TASK DESCRIPTION
Copy out exactly the lines spanning the line with "8 Zlatník 1877" to the line with "Dziecięce buty piłkarskie", inclusive, from the data underneath, with no pictures.

INFORMATION SUPPLIED

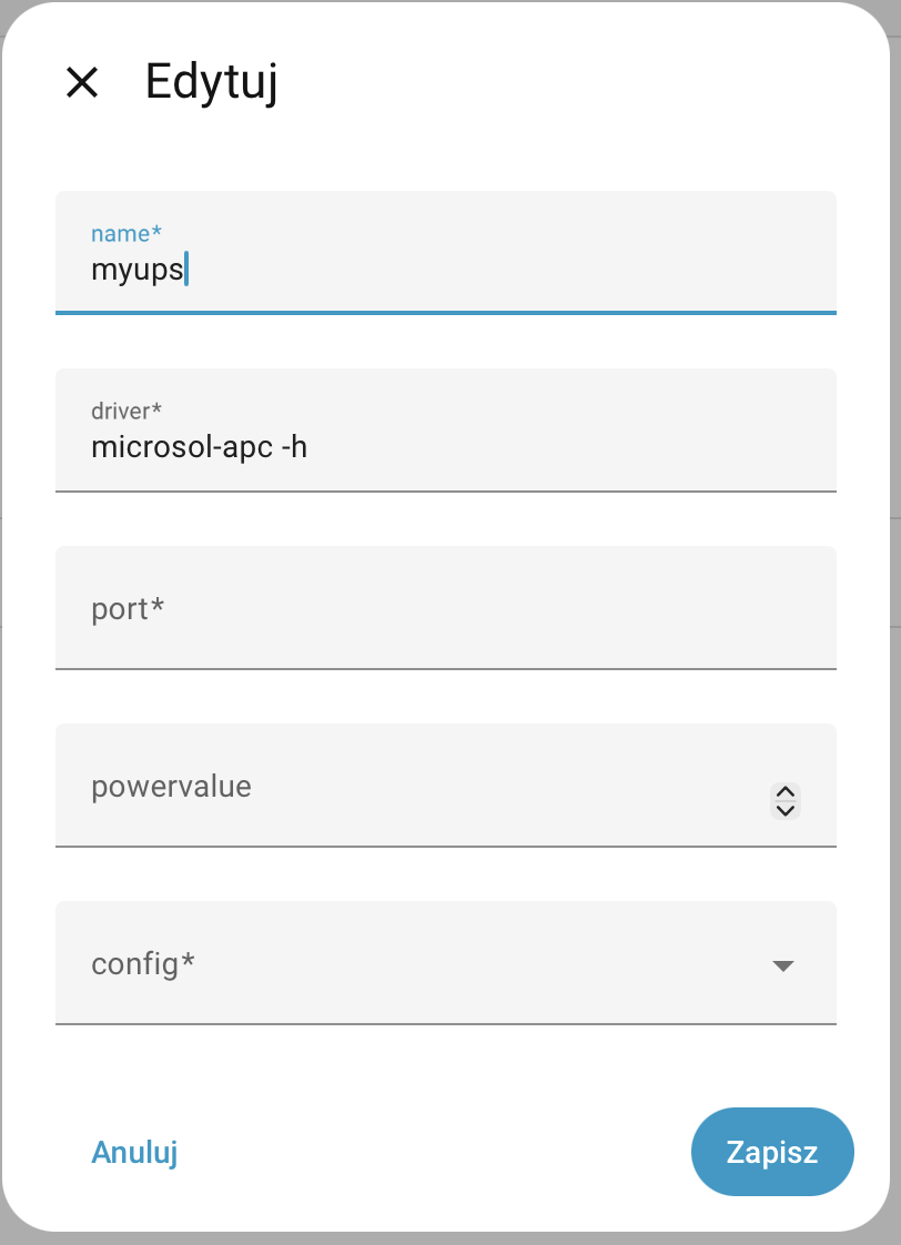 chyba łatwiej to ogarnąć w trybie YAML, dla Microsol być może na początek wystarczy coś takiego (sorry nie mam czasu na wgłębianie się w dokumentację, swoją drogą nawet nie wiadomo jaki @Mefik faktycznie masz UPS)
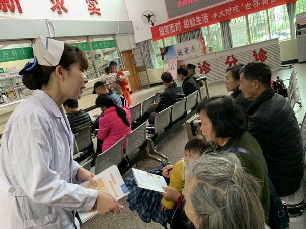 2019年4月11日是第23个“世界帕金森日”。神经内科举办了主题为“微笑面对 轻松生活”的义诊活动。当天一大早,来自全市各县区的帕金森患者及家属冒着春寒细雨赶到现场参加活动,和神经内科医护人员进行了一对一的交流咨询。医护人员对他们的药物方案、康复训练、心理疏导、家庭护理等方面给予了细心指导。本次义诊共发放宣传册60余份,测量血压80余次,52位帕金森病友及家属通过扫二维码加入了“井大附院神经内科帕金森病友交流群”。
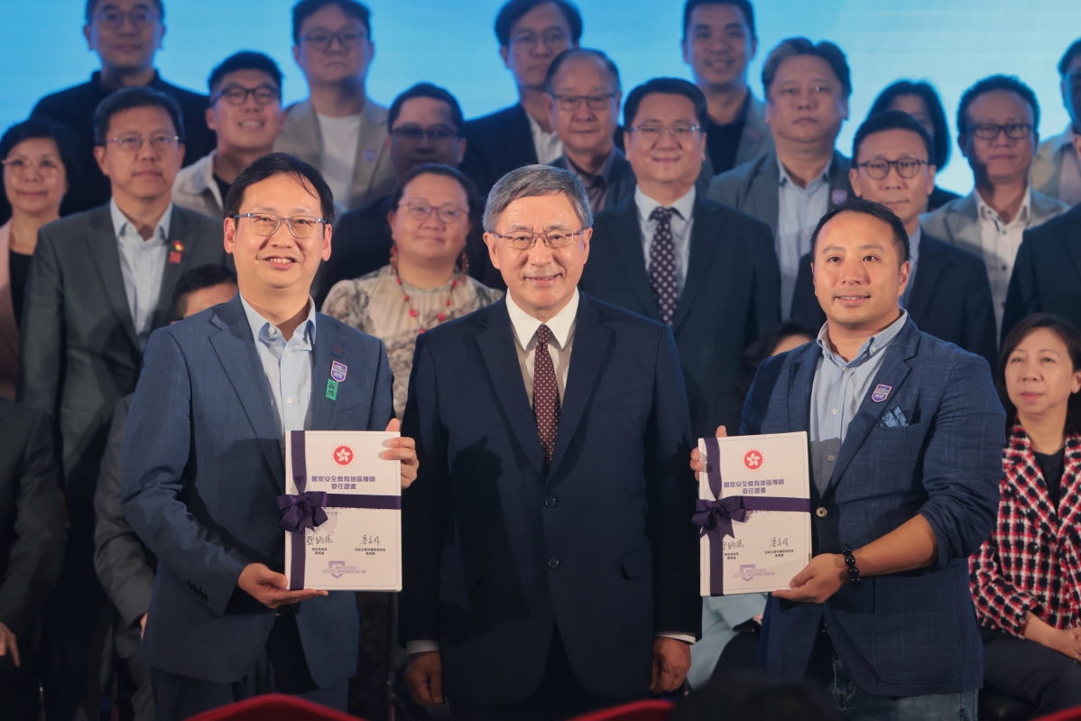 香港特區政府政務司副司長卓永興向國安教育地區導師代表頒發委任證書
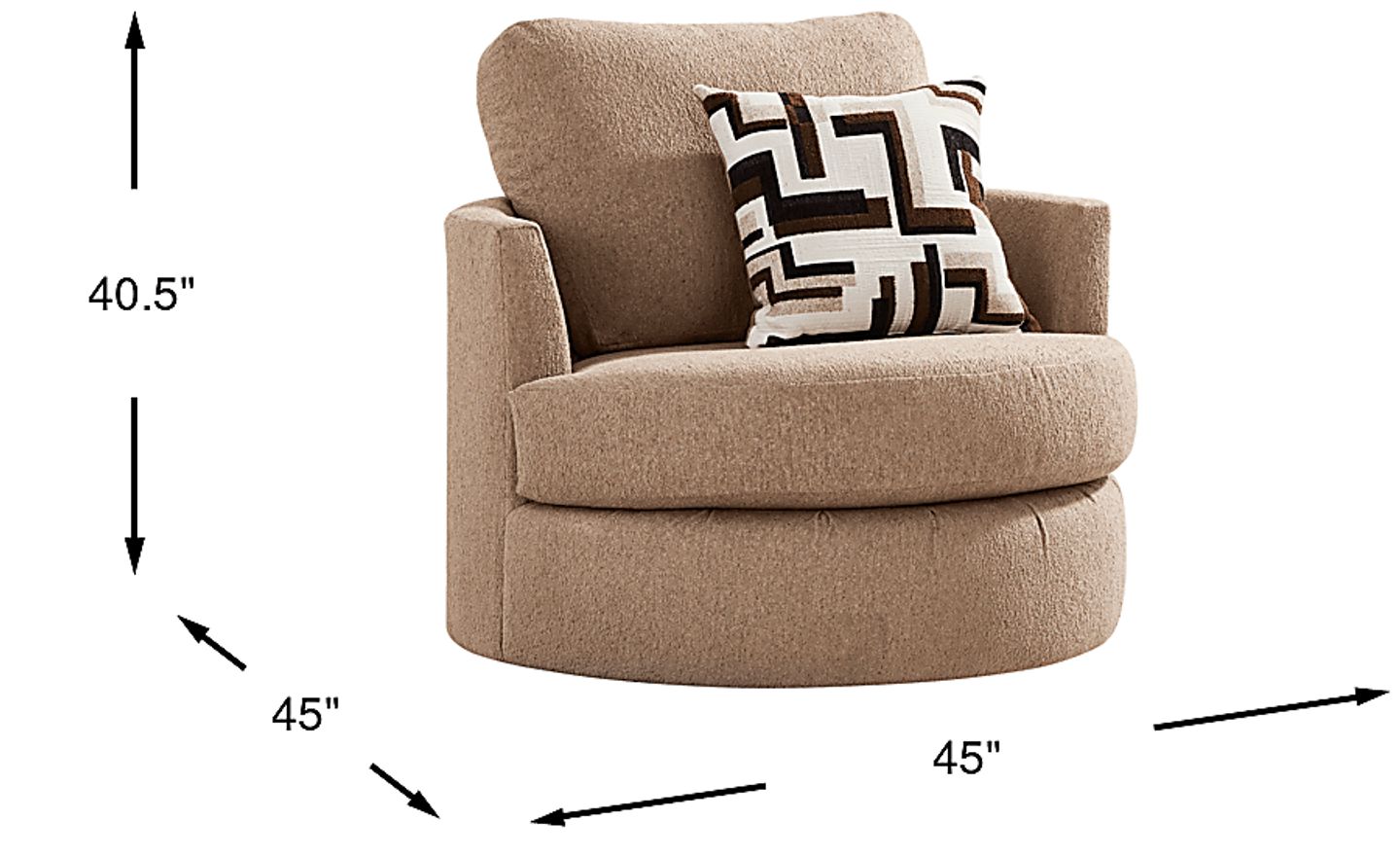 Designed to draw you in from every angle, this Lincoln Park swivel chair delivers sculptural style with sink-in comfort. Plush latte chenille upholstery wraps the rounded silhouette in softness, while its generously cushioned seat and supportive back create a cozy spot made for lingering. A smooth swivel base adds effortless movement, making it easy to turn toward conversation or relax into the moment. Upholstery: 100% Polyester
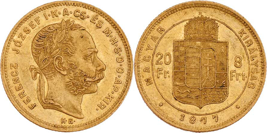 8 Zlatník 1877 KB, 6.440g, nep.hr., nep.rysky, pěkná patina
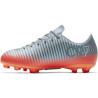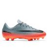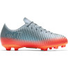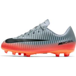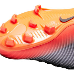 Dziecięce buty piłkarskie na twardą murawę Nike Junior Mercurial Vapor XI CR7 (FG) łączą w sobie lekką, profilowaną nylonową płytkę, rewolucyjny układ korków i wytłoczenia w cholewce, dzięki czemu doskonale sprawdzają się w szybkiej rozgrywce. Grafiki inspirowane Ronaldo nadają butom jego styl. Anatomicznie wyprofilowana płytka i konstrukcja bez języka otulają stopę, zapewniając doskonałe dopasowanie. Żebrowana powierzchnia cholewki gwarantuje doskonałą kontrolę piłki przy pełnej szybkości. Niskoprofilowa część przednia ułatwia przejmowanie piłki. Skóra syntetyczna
...
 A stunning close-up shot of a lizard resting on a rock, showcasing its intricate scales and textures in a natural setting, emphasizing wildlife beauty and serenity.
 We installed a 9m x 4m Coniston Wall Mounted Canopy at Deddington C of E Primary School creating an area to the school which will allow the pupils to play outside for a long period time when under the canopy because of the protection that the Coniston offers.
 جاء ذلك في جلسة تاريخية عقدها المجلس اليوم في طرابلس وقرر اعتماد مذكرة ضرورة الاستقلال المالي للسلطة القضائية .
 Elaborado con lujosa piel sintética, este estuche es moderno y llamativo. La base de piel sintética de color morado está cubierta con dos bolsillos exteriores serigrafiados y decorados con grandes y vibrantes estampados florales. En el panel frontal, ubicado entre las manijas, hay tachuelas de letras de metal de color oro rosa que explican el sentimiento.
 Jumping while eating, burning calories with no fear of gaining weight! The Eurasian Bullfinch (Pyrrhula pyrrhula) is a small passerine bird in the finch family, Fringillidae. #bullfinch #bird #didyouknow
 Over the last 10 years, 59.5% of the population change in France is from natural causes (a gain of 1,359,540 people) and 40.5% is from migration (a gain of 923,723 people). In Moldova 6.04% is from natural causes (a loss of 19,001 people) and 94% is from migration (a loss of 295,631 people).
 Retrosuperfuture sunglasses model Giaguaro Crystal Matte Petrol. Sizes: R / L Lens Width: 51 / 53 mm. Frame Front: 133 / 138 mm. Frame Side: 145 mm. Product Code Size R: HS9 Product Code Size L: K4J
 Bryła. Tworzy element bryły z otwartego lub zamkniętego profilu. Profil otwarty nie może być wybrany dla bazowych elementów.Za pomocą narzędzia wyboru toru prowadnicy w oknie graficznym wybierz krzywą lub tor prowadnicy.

RESULT OF THIS EXERCISE
 8 Zlatník 1877 KB, 6.440g, nep.hr., nep.rysky, pěkná patina
 Dziecięce buty piłkarskie na twardą murawę Nike Junior Mercurial Vapor XI CR7 (FG) łączą w sobie lekką, profilowaną nylonową płytkę, rewolucyjny układ korków i wytłoczenia w cholewce, dzięki czemu doskonale sprawdzają się w szybkiej rozgrywce. Grafiki inspirowane Ronaldo nadają butom jego styl. Anatomicznie wyprofilowana płytka i konstrukcja bez języka otulają stopę, zapewniając doskonałe dopasowanie. Żebrowana powierzchnia cholewki gwarantuje doskonałą kontrolę piłki przy pełnej szybkości. Niskoprofilowa część przednia ułatwia przejmowanie piłki. Skóra syntetyczna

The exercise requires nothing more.